Member: “Well, I think I won’t use it. I’ll just contact a local towing company. I mean, it’s all good that you usurp all these bureaucratic rules, but to be honest, I’m quite fed up with this! We’ve been members for years, and this is no service!”

(I’m still not quite sure what he meant with us “usurping” rules. Later I recount the story to another coworker.)

Coworker: “I don’t get the man. Either you have an insurance or not. If you don’t have a fire insurance and your house burns down, you won’t go to your health insurance, will you?”

(I’m still quite amazed that he blamed us for not being insured himself. And that, with all the effort I put in it, he still acted as if I hadn’t done anything.)

This Bureaucracy Is Killing Me!

, , , , | Healthy | October 13, 2018

(I am working the night shift in a student team. One of our tasks is getting blood and stuff for the operating surgeons all around the hospital. This night a sixteen-year-old boy on a scooter has been hit by a car and is haemorrhaging profusely. I am called to get blood for the blood transfusion that needs to be done. However, due to the fact the boy is being reanimated while receiving a blood transfusion and an operation, there is no time to fill in a form.
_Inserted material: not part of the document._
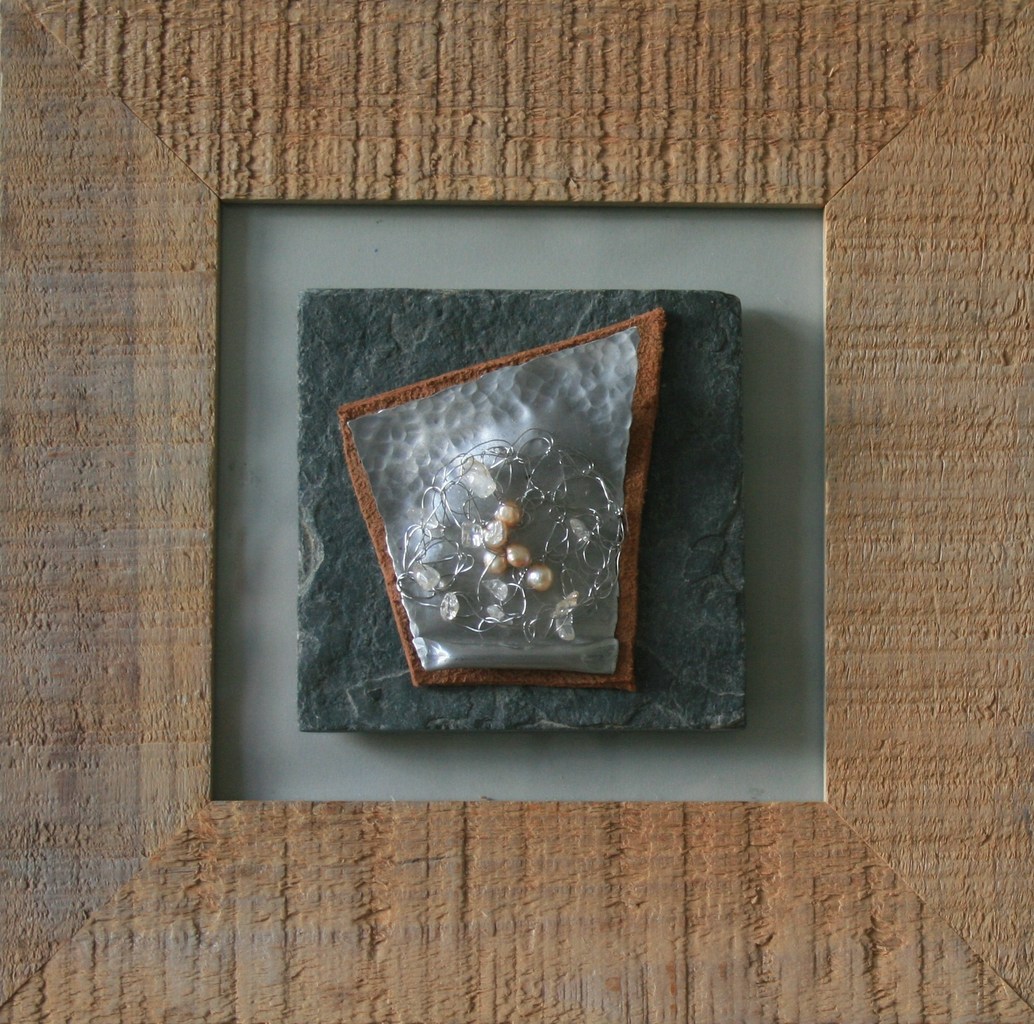 Een ruwhouten lijst met een leisteentegel met daarop een plaatje vervormd aluminium en leer. Hierop bevestigd een weefsel van RVSdraad met parels en citrien. Dit muursieraad kan ook zonder achterkant als doorkijkje worden opgehangen.

This is the conversation I have with the man at the blood lab:)

Me: “Hey, I don’t have a form, but I need blood for the sixteen-year-old patient that’s bleeding out downstairs.”

Blood Lab: “If you don’t have the form, you don’t get the blood.”

Me: “But they don’t have the time to fill in a form, as they are operating on him while giving a blood transfusion, and he was just reanimated.”

Blood Lab: “But you don’t have a form.”

Me: “Yes, I know, but the boy is dying.”

Blood Lab: “Well, it’s not my fault if he dies; come back when you have the form.”

(Sir, I know that you were technically right, but is a form more important than the life of a sixteen-year-old boy?!)